[EXERCISE MATERIAL Boundary: Start]

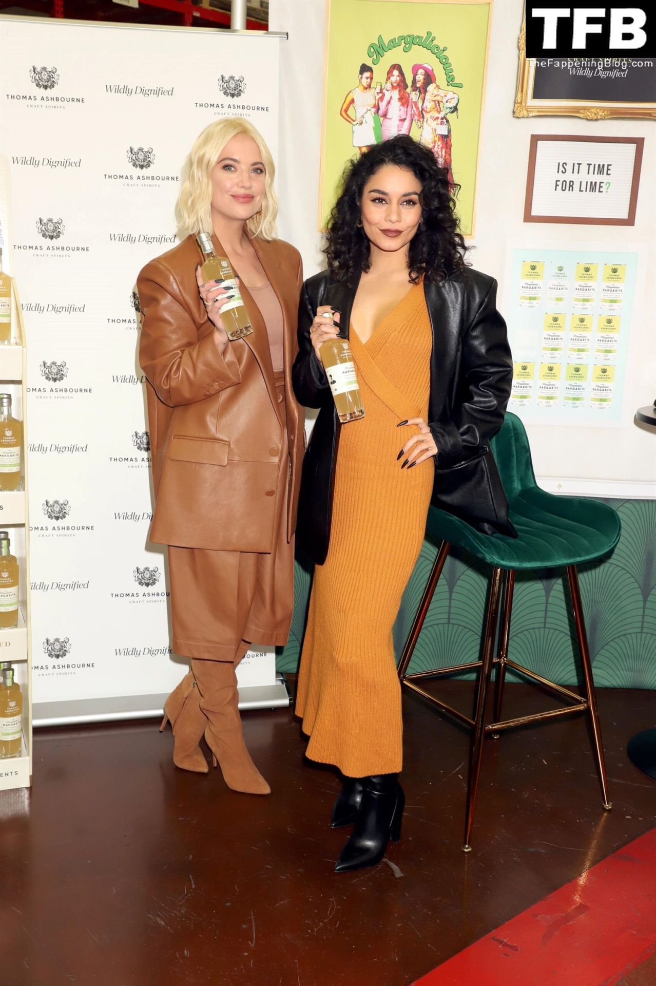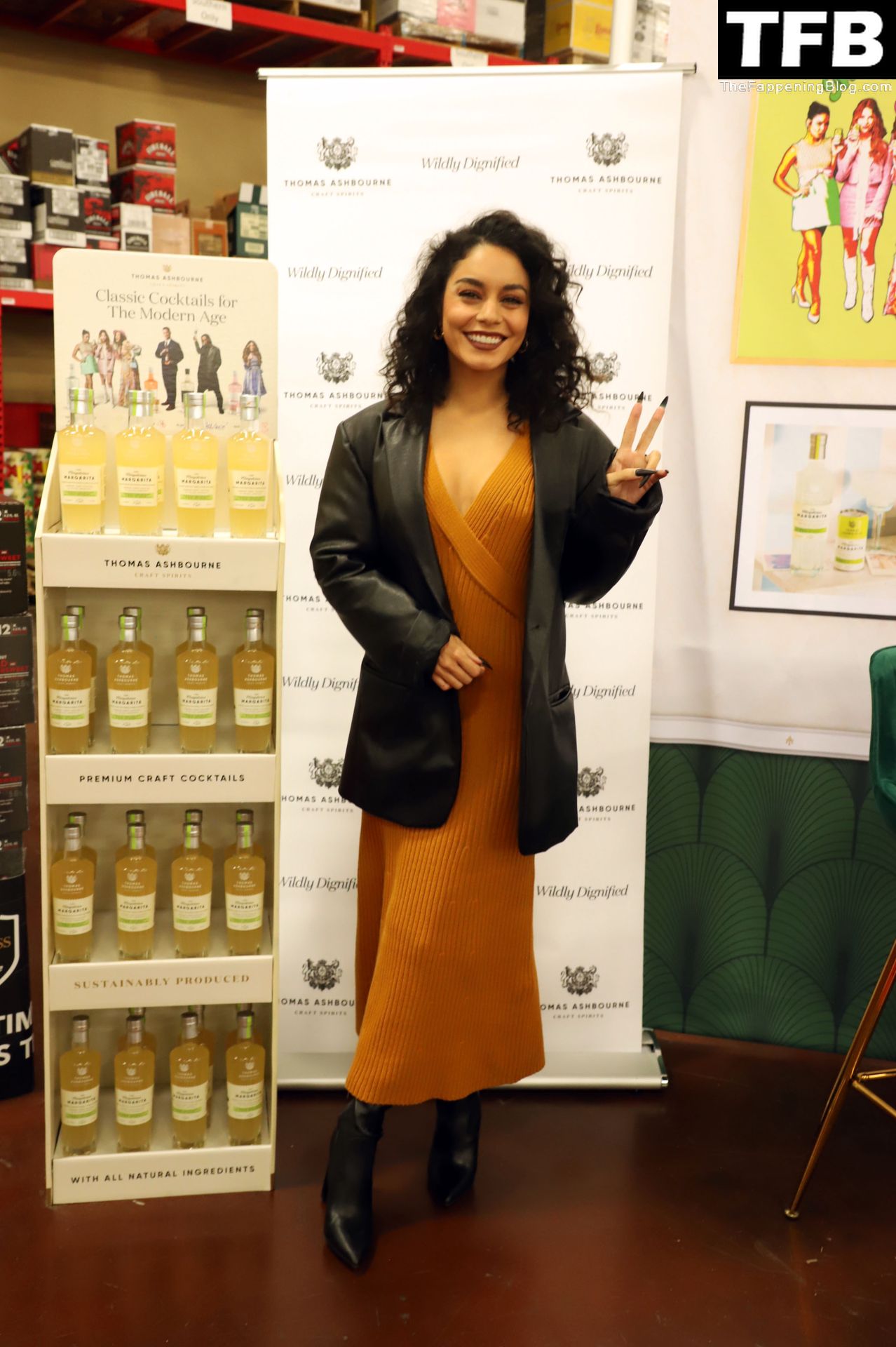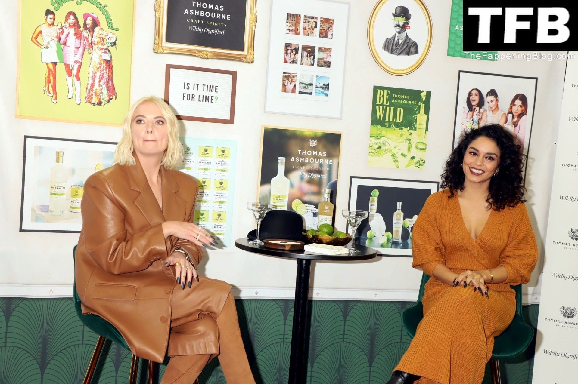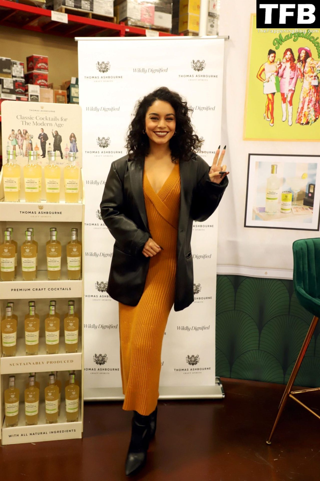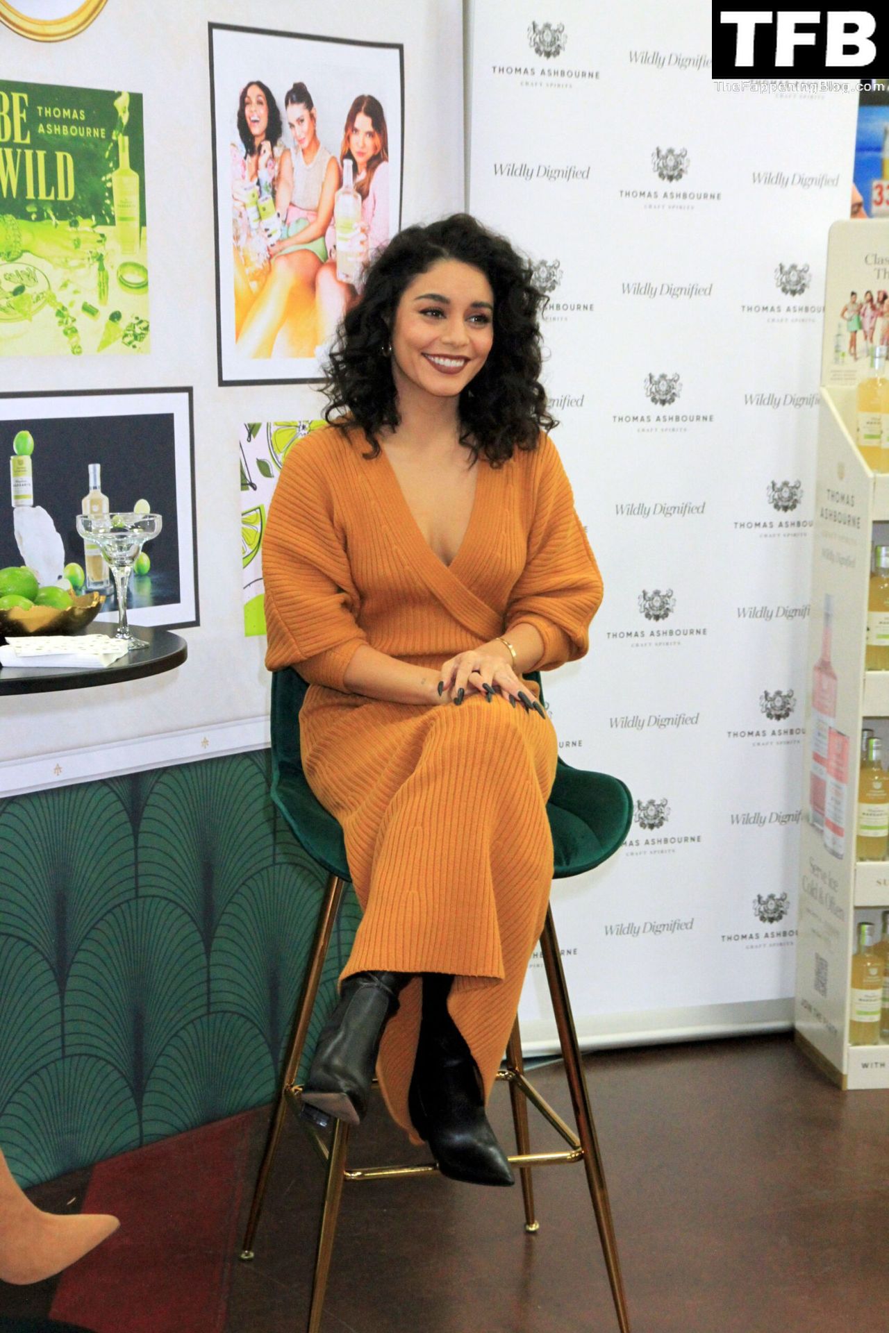 Atrizes Ashley Benson e Vanessa Hudgens assinam garrafas de Thomas Achbourne Craft Spirits em Las Vegas, 11/04/2022.
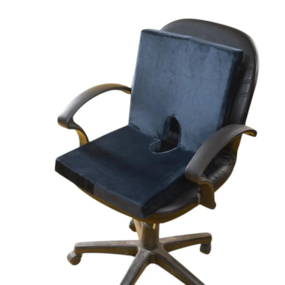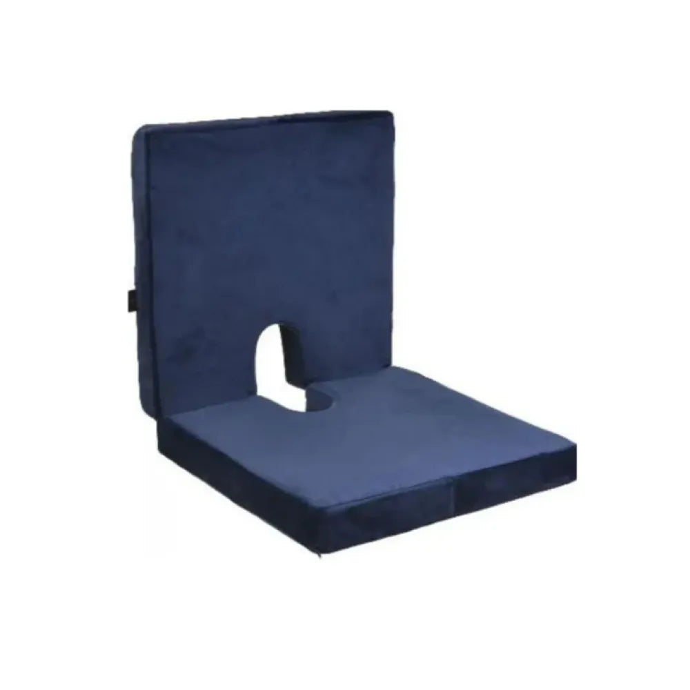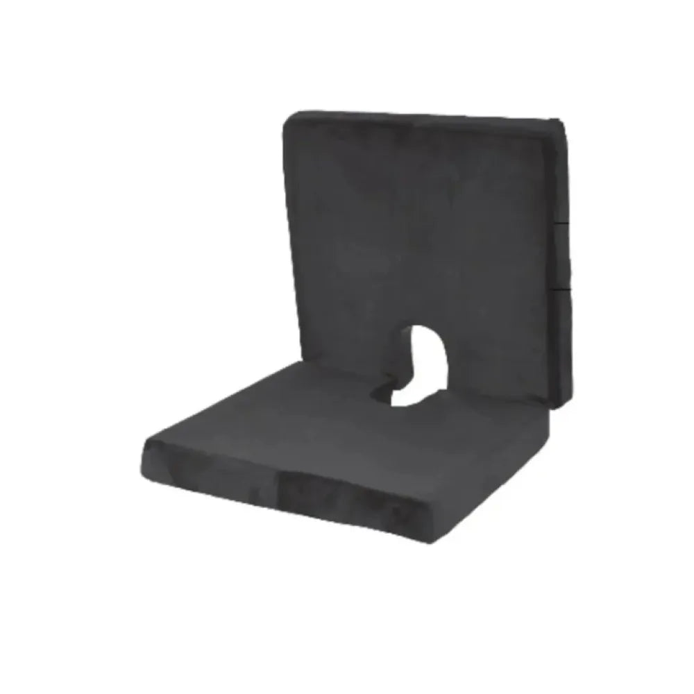 مقعد ومسند طبي من اتش تي، مصنوع من ميموري فوم ألماني عالي الجودة، مع غطاء خارجي من القطيفة الناعمة قابل للغسيل، يقوم بتخفيف الضغط على الحوض ويوفر الدعم اللازم للعمود الفقري
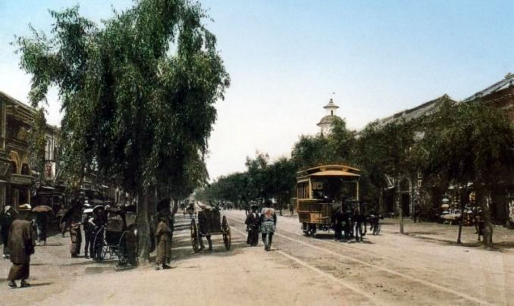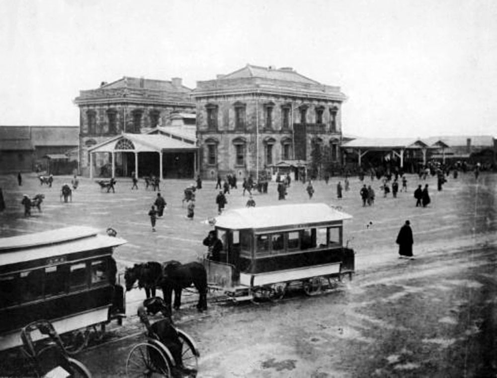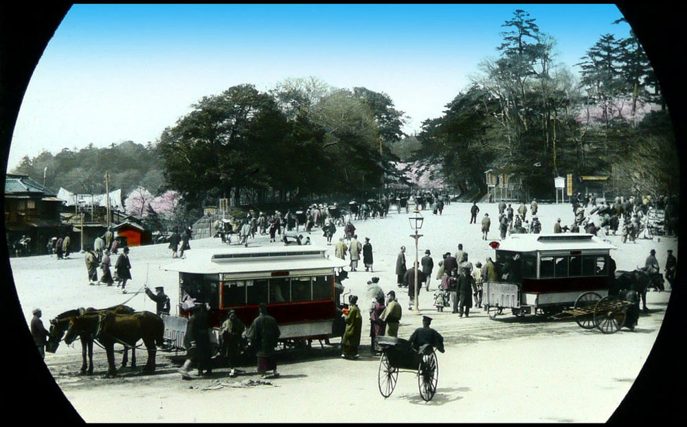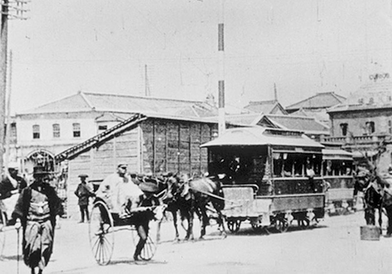 Le premier réseau de transport public urbain de Tokyo est composé de tramways tirés par des chevaux (streetcars).
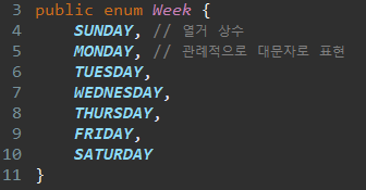 그리고 열거 상수는 관례적으로 모두 대문자로 표현한다.
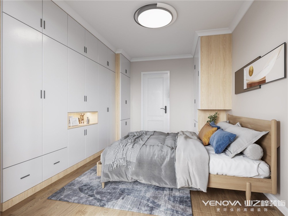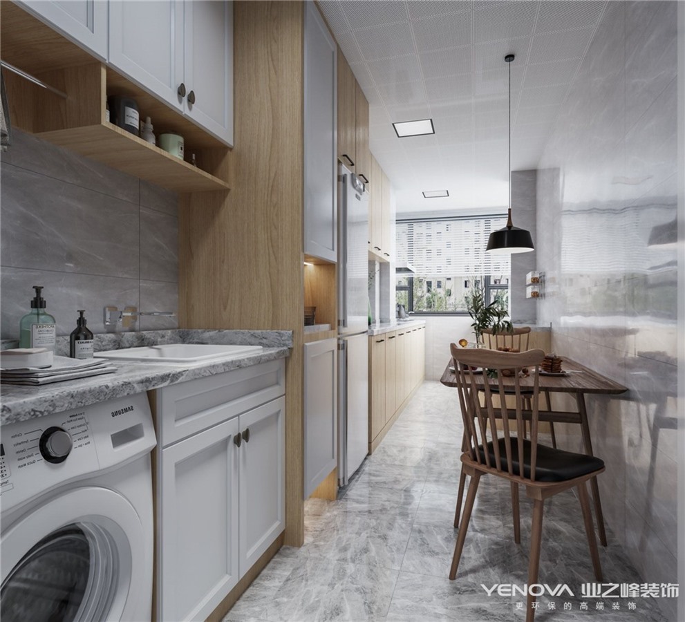 客户家衣柜储物较少,做了满排衣柜,床头一侧做了一排衣柜。床选用原木色与家里整体风格相搭配。厨房做得开放式厨房,因为格局有限,做了洗衣机柜台盆柜一体定制,做原木色橱柜,顶面做集成吊顶。厨房墙砖地砖以灰色砖为主。整个空间色调统一。简单大气。
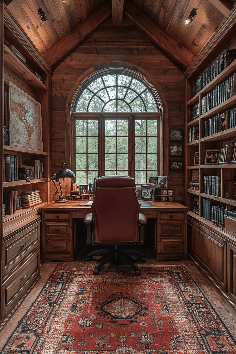 Create a focused, inspiring space with little cabin decor that brings rustic charm into your study. A wooden desk, classic lamp, and a view of the woods set the perfect tone for productivity. Shelves filled with books and nature accents spark creativity. The balance between work and comfort feels effortless.

[EXERCISE MATERIAL Boundary: End]

ACTIVITY:
Please copy the data above word for word, but only from the line that contains "Le premier réseau" through the final line, both included, and without the pictures.

THE ANSWER:
 Le premier réseau de transport public urbain de Tokyo est composé de tramways tirés par des chevaux (streetcars).
 그리고 열거 상수는 관례적으로 모두 대문자로 표현한다.
 客户家衣柜储物较少,做了满排衣柜,床头一侧做了一排衣柜。床选用原木色与家里整体风格相搭配。厨房做得开放式厨房,因为格局有限,做了洗衣机柜台盆柜一体定制,做原木色橱柜,顶面做集成吊顶。厨房墙砖地砖以灰色砖为主。整个空间色调统一。简单大气。
 Create a focused, inspiring space with little cabin decor that brings rustic charm into your study. A wooden desk, classic lamp, and a view of the woods set the perfect tone for productivity. Shelves filled with books and nature accents spark creativity. The balance between work and comfort feels effortless.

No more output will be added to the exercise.